Lower bound 3 ) ≤ 2 O ( n 2 / 3 ) R n ( q 1 ) ≤ 2 O ( n 1 / 2 ) R n ( q 1 2 For any q , R n ( q ) ≥ 2 Ω( n 1 / 3 ) Proof: Generating functions and Hayman’s thm 30

“Test” q (new) = Θ( 1 aaaa . . . n ) q (new) = Θ( 1 n ) abab . . . 1 abcd . . . q (new) = 1 − Θ( n 2 / 3 ) q (new) = Possible guess: 1/2 aabbcc . . . q (new) = 1 / 4 after even, 0 after odd “Explanation”: likely | αβ | = 0 . 62 n p (new) ≈ 0 . 2 31

Compression and Estimation Over Large Alphabets Alon Orlitsky - PDF document

Compression and Estimation Over Large Alphabets Alon Orlitsky Narayana P. Santhanam Krishnamurthy Viswanathan Junan Zhang UCSD 1 Univeral Compression [Sh 48] [Fi 66, Da 73] Setup: A alphabet p collection of p.d.s over A n random

14.9.2 JPEG2000 compression DCT compression basis for JPEG wavelet compression

Lossless compression in lossy compression systems Almost every lossy compression system

Learning Automata over Large Alphabets Oded Maler Irini Eleftheria Mens CNRS-V ERIMAG University

;; keep-lt-5 : list of numbers -> list of numbers ;; Purpose: keeps all input numbers less

Data Amplification: Instance-Optimal Property Estimation Yi Hao and Alon Orlitsky {yih179, alon}@

Learning Learning Re Regular gular Languages Languages over er Lar Large ge Alphabets

JPEG Compression Ian Snyder December 11, 2009 Ian Snyder JPEG Compression Outline

Lecture 9: Compression 1 / 52 Compression Recap Bu ff er Management Recap 2 / 52 Compression

OF DC-I SOLATED G ATE D RIVERS Alon Blumenfeld, Alon Cervera, and Shmuel (Sam) Ben-Yaakov Power

OSINT: The Secret Weapon in Hunting Nation-State Campaigns alon@intsights.com Alon Arvatz

Class 09: Recursion practice, how recursive programs work Recall the list-length procedure

Doubly-Competitive Distribution Estimation Yi Hao and Alon Orlitsky Department of Electrical and

Analog-to-Digital Compression Oral PhD Exam Alon Kipnis Advisor: Andrea Goldsmith 1 /32

Digital Image Compression Digital Image Compression Digital Image Compression and JPEG Standards

Digital Video Compression Digital Video Compression Digital Video Compression and H.261

From Sorting to Heaps to Compression Data Compression video on demand/set top box jpeg

Compsci 201 201 Sear earch T Tree ees an and Recursio sion Susan Rodger March 6, 2020

Machine Learning Lecture 6 Unsupervised Learning with a bit of Supervised Learning Clustering

Recent Improvements on AIRS V6-CH4 retrieval, validation and data analysis Xiaozhen(Shawn) Xiong,

NOAA-GMD HIPPO data past and future: transport and chemistry in the troposphere. (HIPPO-NOAA-GMD

Using Apache Commons SCXML 2.0 a general purpose and standards based state machine engine Ate

Multiscale Conditional Random Fields for Image Labeling Xuming He, Richard Zemel and Miguel A.

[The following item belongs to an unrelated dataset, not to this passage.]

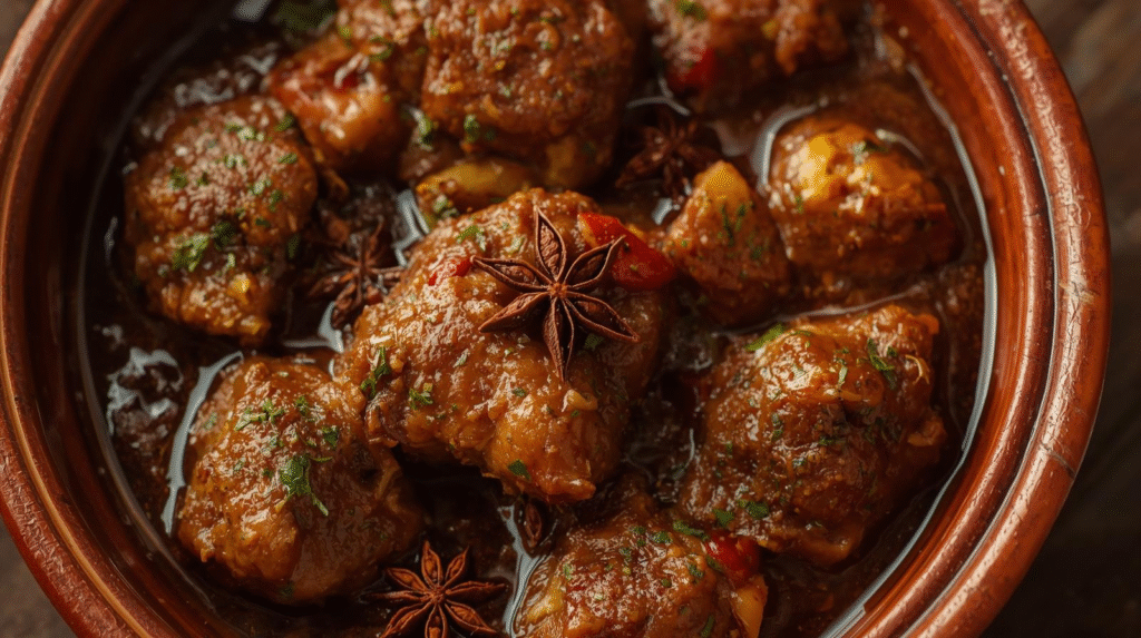 Luxury restaurant photo of Cheken Khara Masala is a delectable and flavorful dish from the rich culinary tradition of South Asia. It features tender pieces of chicken simmered in a vibrant and aromatic blend of spices, creating a rich and savory masala. The dish typically includes ingredients like onions, tomatoes, garlic, ginger, and a variety of spices such as cumin, coriander, turmeric, and garam masala, which come together to form a thick, spicy gravy. This dish is often garnished with fresh coriander leaves and served with steaming hot naan or rice, making it a hearty and satisfying meal. Its robust flavors and aromatic spices make Cheken Khara Masala a favorite among those who appreciate the bold and diverse tastes of South Asian cuisine.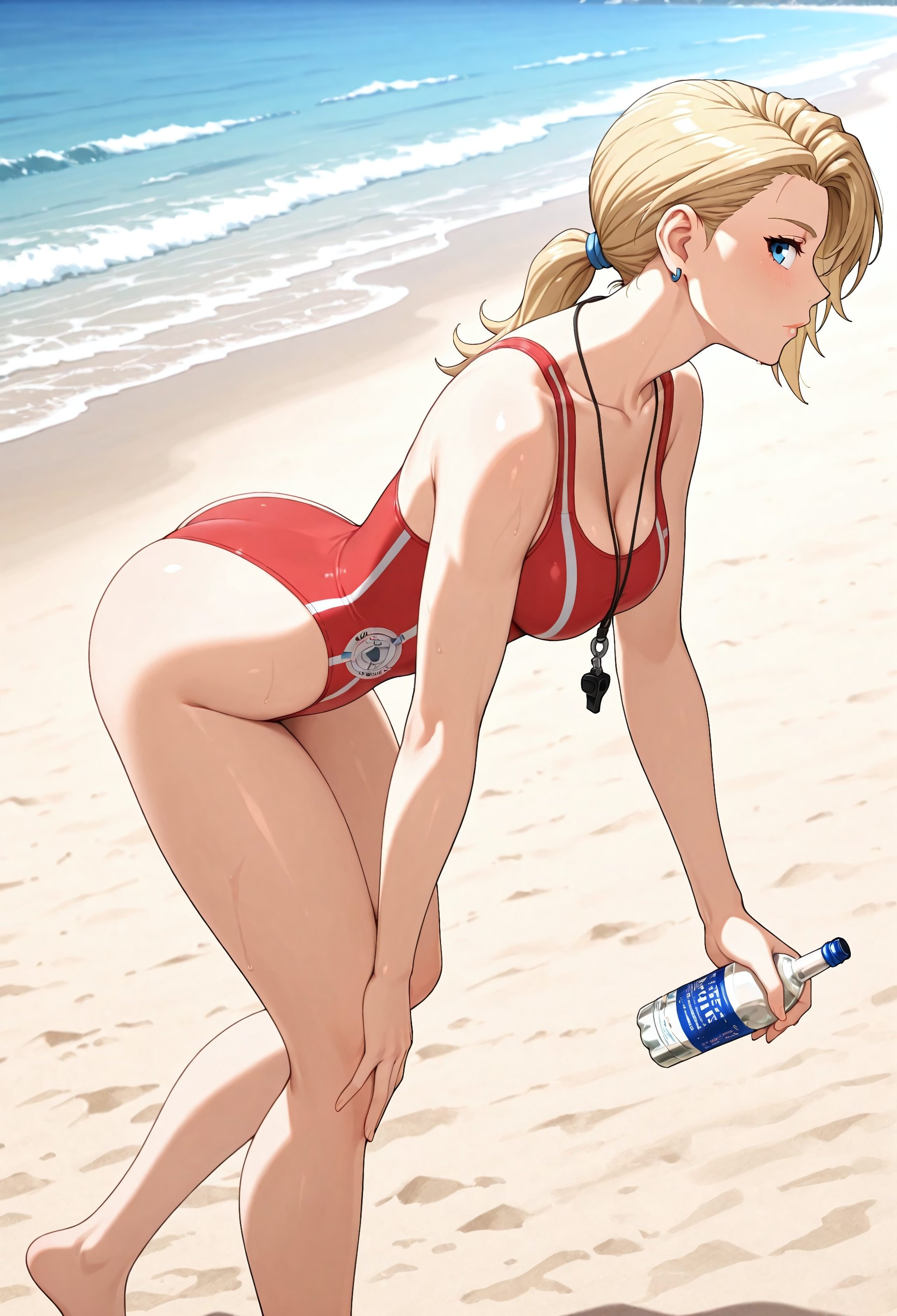 earring, lifeguard, swimsuit, red one-piece swimsuit, highleg swimsuit, whistle around neck, barefoot

Experimental Design & Evaluation 14. Quiz 3 SunyoungKim,PhD 1. Scientists always try

Texture Mapping Motivation: Add interesting and/or realistic detail to surfaces of objects.

Compression and Estimation Over Large Alphabets Alon Orlitsky - PDF document

Compression and Estimation Over Large Alphabets Alon Orlitsky Narayana P. Santhanam Krishnamurthy Viswanathan Junan Zhang UCSD 1 Univeral Compression [Sh 48] [Fi 66, Da 73] Setup: A alphabet p collection of p.d.s over A n random

14.9.2 JPEG2000 compression DCT compression basis for JPEG wavelet compression

Lossless compression in lossy compression systems Almost every lossy compression system

Learning Automata over Large Alphabets Oded Maler Irini Eleftheria Mens CNRS-V ERIMAG University

;; keep-lt-5 : list of numbers -&gt; list of numbers ;; Purpose: keeps all input numbers less

Data Amplification: Instance-Optimal Property Estimation Yi Hao and Alon Orlitsky {yih179, alon}@

Learning Learning Re Regular gular Languages Languages over er Lar Large ge Alphabets

JPEG Compression Ian Snyder December 11, 2009 Ian Snyder JPEG Compression Outline

Lecture 9: Compression 1 / 52 Compression Recap Bu ff er Management Recap 2 / 52 Compression

OF DC-I SOLATED G ATE D RIVERS Alon Blumenfeld, Alon Cervera, and Shmuel (Sam) Ben-Yaakov Power

OSINT: The Secret Weapon in Hunting Nation-State Campaigns alon@intsights.com Alon Arvatz

Class 09: Recursion practice, how recursive programs work Recall the list-length procedure

Doubly-Competitive Distribution Estimation Yi Hao and Alon Orlitsky Department of Electrical and

Analog-to-Digital Compression Oral PhD Exam Alon Kipnis Advisor: Andrea Goldsmith 1 /32

Digital Image Compression Digital Image Compression Digital Image Compression and JPEG Standards

Digital Video Compression Digital Video Compression Digital Video Compression and H.261

From Sorting to Heaps to Compression Data Compression video on demand/set top box jpeg

Compsci 201 201 Sear earch T Tree ees an and Recursio sion Susan Rodger March 6, 2020

Machine Learning Lecture 6 Unsupervised Learning with a bit of Supervised Learning Clustering

Recent Improvements on AIRS V6-CH4 retrieval, validation and data analysis Xiaozhen(Shawn) Xiong,

NOAA-GMD HIPPO data past and future: transport and chemistry in the troposphere. (HIPPO-NOAA-GMD

Using Apache Commons SCXML 2.0 a general purpose and standards based state machine engine Ate

Multiscale Conditional Random Fields for Image Labeling Xuming He, Richard Zemel and Miguel A.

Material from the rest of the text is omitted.